Segment Open

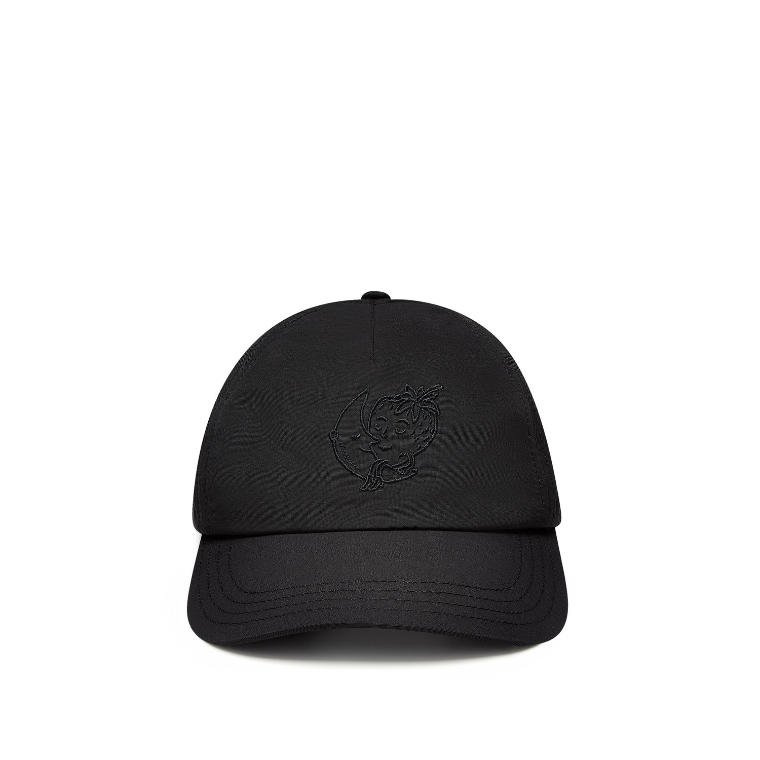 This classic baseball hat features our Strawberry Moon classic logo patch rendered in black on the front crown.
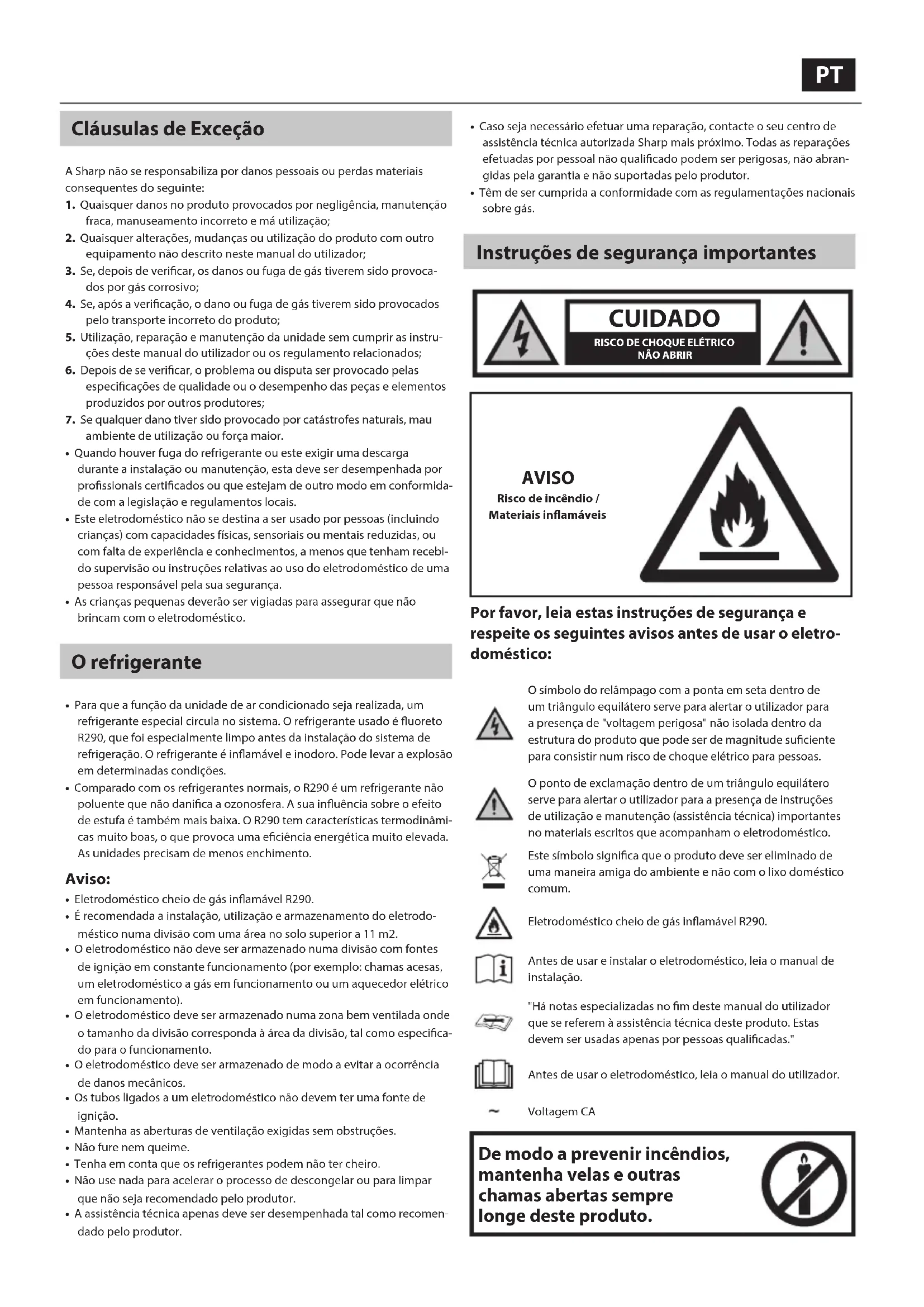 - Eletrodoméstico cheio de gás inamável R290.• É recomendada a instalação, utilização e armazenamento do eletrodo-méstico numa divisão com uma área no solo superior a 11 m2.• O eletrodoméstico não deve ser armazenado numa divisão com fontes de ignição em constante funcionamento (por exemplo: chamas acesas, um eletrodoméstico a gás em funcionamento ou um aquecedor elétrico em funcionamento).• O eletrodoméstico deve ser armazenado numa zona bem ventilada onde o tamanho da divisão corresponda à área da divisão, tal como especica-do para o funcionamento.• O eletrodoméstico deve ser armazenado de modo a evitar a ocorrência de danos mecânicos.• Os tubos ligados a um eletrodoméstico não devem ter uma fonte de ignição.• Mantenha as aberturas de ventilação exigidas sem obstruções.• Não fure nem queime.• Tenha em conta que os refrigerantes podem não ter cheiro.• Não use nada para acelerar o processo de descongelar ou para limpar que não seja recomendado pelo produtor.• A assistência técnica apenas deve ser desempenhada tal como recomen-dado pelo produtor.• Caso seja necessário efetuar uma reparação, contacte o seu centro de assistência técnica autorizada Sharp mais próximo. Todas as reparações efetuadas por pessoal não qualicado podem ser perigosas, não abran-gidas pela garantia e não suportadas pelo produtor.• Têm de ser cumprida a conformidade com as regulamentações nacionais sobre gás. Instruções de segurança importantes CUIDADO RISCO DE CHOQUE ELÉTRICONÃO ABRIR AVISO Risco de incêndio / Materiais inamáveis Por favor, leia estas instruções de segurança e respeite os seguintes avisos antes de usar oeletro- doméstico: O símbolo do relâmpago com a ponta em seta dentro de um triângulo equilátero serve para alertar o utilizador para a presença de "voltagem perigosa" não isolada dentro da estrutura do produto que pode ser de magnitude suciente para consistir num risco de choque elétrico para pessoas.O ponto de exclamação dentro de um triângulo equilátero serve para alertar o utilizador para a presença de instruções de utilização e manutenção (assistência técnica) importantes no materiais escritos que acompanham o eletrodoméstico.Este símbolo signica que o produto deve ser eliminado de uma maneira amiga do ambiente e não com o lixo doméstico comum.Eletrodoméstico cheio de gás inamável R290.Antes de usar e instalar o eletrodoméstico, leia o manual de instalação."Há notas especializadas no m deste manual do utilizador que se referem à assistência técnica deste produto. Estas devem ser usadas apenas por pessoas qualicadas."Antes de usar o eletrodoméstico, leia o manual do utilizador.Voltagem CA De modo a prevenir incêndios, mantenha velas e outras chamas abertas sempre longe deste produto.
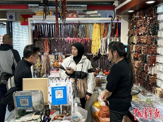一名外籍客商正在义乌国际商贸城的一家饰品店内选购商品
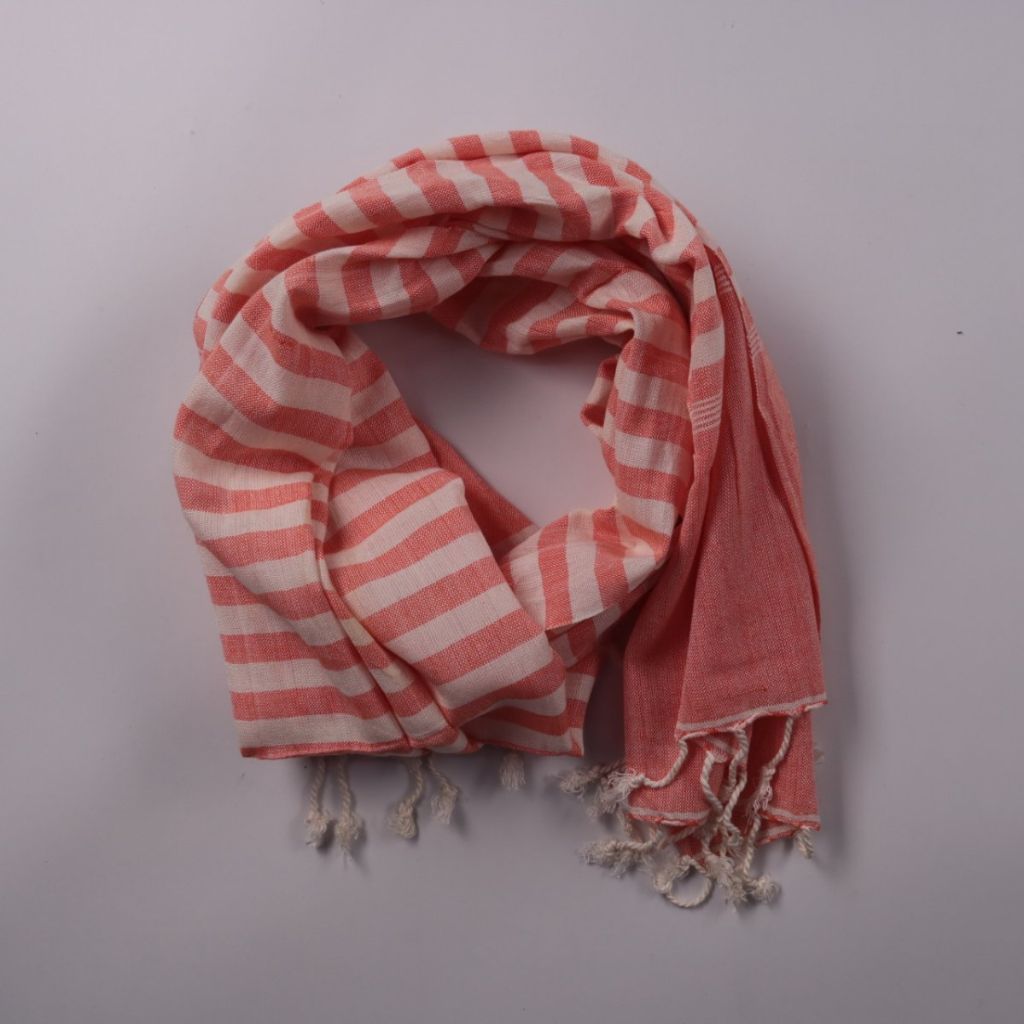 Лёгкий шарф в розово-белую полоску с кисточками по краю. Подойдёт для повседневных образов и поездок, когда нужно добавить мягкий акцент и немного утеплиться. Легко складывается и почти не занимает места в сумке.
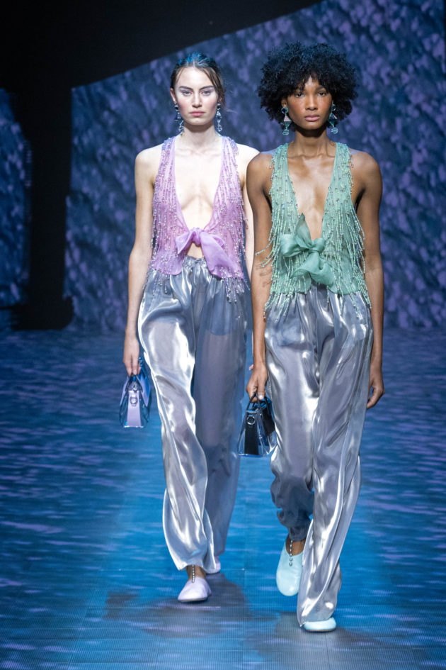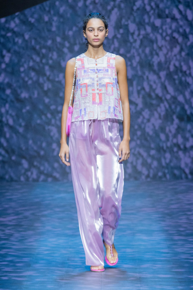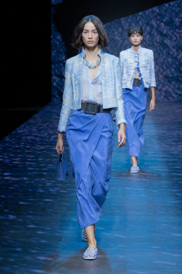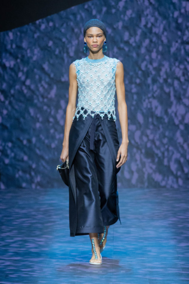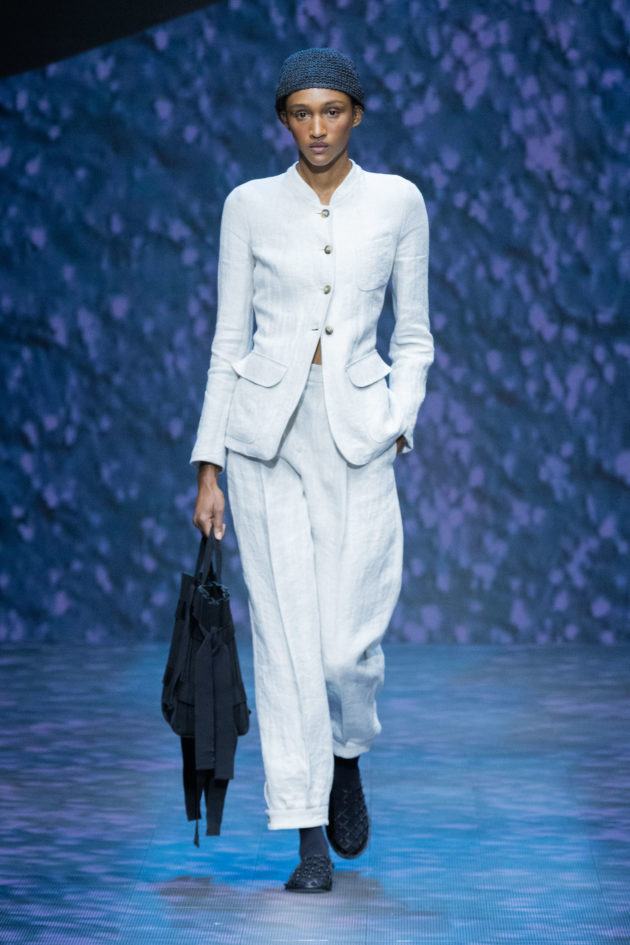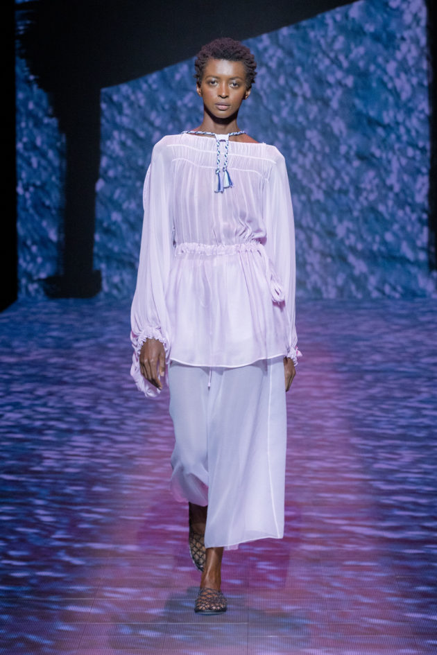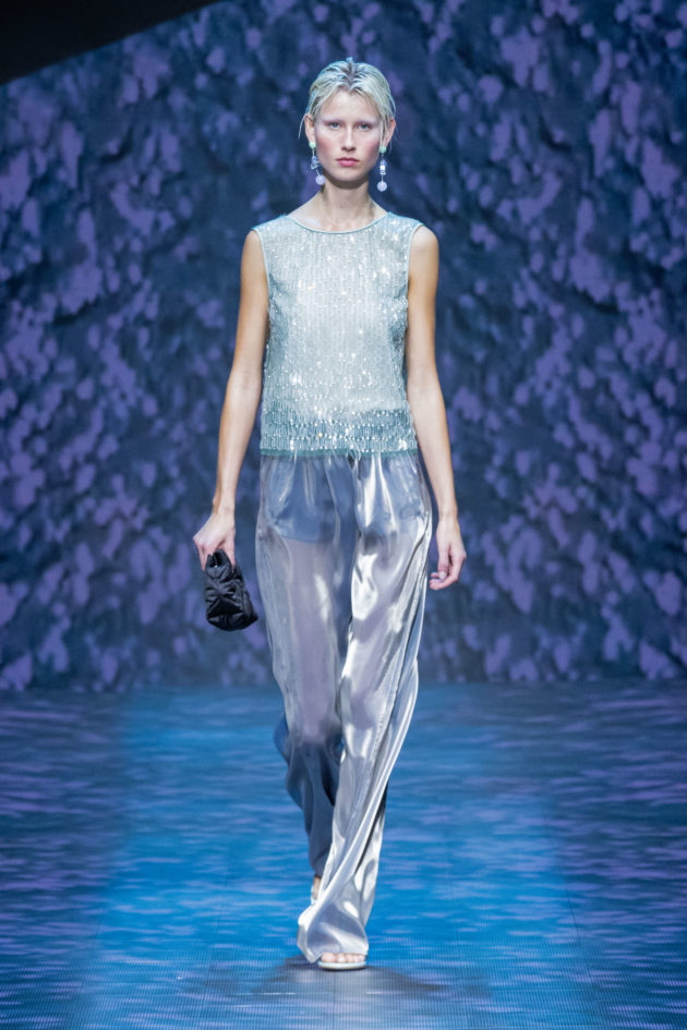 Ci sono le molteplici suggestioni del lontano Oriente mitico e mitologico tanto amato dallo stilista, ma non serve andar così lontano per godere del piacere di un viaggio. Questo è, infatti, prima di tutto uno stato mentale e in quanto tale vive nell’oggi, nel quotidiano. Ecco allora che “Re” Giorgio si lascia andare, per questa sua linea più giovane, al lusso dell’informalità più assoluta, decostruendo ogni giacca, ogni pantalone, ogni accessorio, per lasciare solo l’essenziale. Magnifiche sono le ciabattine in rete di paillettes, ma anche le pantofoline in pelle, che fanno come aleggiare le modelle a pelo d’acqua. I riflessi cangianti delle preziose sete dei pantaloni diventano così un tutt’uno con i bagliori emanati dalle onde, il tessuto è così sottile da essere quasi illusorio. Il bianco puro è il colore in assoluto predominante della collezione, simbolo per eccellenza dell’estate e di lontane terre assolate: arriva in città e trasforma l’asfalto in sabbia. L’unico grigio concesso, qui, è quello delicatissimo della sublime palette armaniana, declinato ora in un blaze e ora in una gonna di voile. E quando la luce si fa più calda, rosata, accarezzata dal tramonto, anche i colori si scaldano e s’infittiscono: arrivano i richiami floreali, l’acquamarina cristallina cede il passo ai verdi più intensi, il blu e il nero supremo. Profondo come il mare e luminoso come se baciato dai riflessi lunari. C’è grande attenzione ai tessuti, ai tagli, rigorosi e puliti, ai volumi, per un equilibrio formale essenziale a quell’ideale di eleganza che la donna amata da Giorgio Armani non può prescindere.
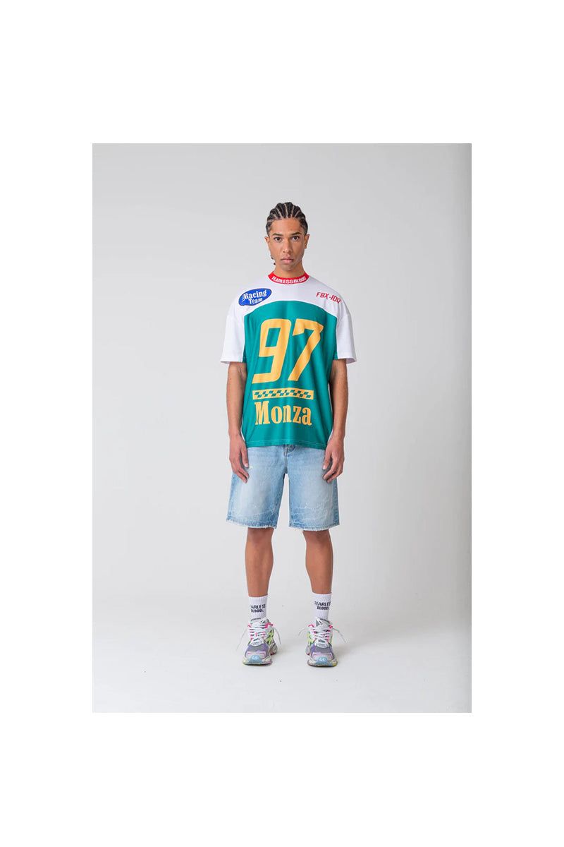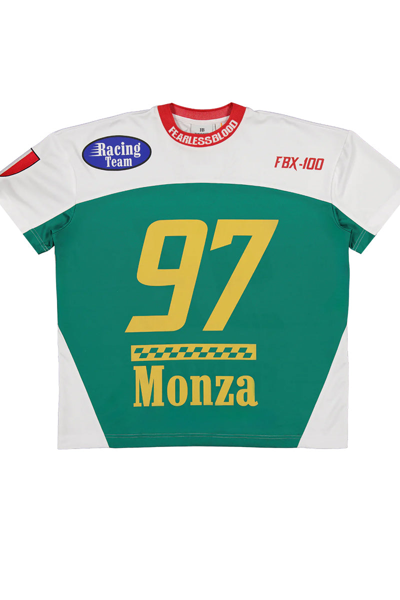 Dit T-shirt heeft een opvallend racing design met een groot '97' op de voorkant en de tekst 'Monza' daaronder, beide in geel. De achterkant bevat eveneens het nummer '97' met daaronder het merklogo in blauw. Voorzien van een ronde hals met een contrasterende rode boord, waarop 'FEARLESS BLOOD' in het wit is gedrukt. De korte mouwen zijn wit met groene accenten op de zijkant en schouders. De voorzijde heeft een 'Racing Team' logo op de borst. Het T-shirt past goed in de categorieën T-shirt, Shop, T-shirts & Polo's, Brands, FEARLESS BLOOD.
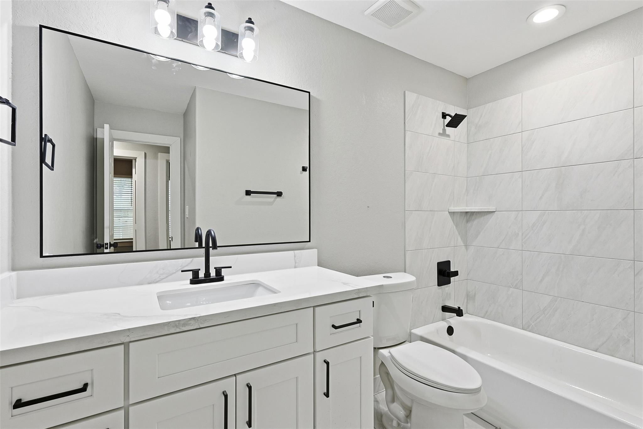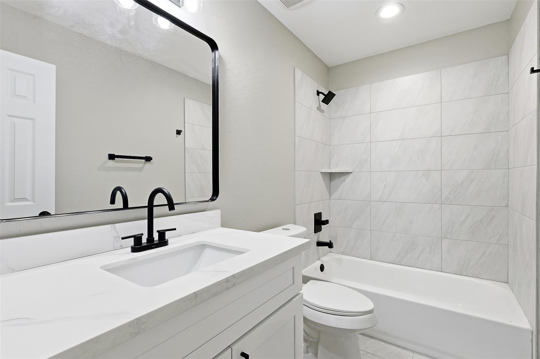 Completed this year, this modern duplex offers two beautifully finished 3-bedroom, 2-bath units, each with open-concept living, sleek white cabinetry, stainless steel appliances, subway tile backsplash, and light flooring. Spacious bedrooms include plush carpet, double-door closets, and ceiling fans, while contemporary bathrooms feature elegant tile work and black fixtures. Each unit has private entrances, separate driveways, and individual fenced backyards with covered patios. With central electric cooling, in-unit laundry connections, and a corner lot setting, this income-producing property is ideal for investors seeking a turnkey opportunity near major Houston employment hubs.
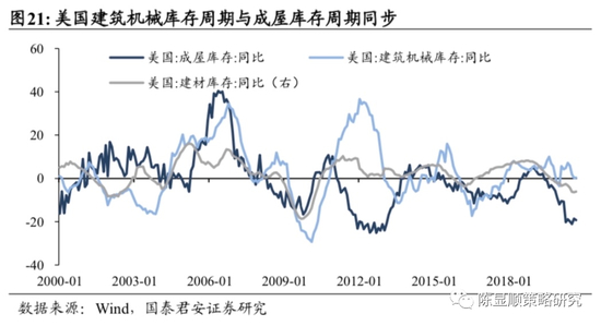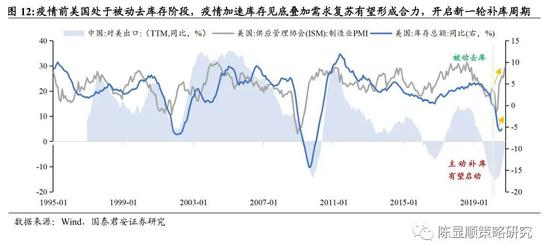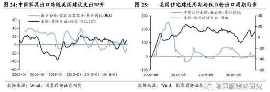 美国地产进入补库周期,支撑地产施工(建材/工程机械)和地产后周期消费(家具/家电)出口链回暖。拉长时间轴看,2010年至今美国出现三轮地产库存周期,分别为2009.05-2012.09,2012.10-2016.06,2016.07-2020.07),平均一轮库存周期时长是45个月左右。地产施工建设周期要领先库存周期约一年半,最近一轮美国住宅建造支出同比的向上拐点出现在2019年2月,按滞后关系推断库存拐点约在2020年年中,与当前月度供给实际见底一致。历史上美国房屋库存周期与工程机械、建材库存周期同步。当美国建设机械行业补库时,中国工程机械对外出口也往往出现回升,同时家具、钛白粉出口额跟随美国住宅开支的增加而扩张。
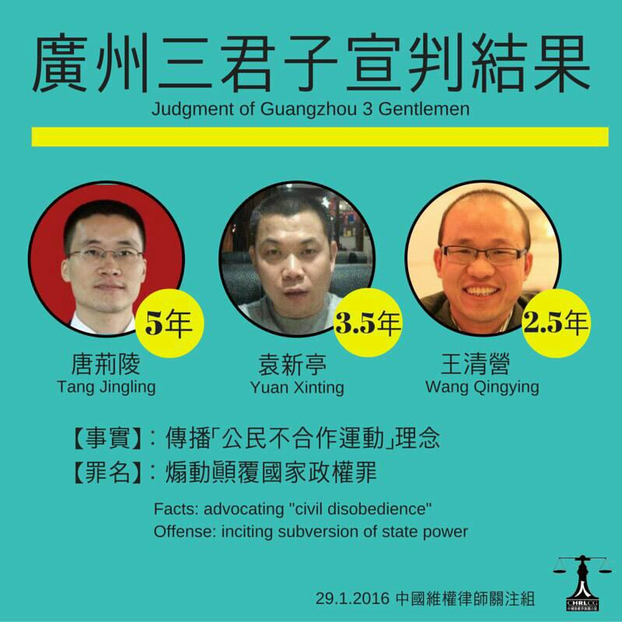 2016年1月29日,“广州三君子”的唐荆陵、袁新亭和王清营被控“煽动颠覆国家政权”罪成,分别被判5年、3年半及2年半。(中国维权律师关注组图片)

Segment Closed

**Directions for this task**
Each line from the one holding "美国地产进入补库周期,支撑地" through the end of the listing is to be output exactly, both ends included, with no other lines and the pictures left out.

**Response to this task**
 美国地产进入补库周期,支撑地产施工(建材/工程机械)和地产后周期消费(家具/家电)出口链回暖。拉长时间轴看,2010年至今美国出现三轮地产库存周期,分别为2009.05-2012.09,2012.10-2016.06,2016.07-2020.07),平均一轮库存周期时长是45个月左右。地产施工建设周期要领先库存周期约一年半,最近一轮美国住宅建造支出同比的向上拐点出现在2019年2月,按滞后关系推断库存拐点约在2020年年中,与当前月度供给实际见底一致。历史上美国房屋库存周期与工程机械、建材库存周期同步。当美国建设机械行业补库时,中国工程机械对外出口也往往出现回升,同时家具、钛白粉出口额跟随美国住宅开支的增加而扩张。
 2016年1月29日,“广州三君子”的唐荆陵、袁新亭和王清营被控“煽动颠覆国家政权”罪成,分别被判5年、3年半及2年半。(中国维权律师关注组图片)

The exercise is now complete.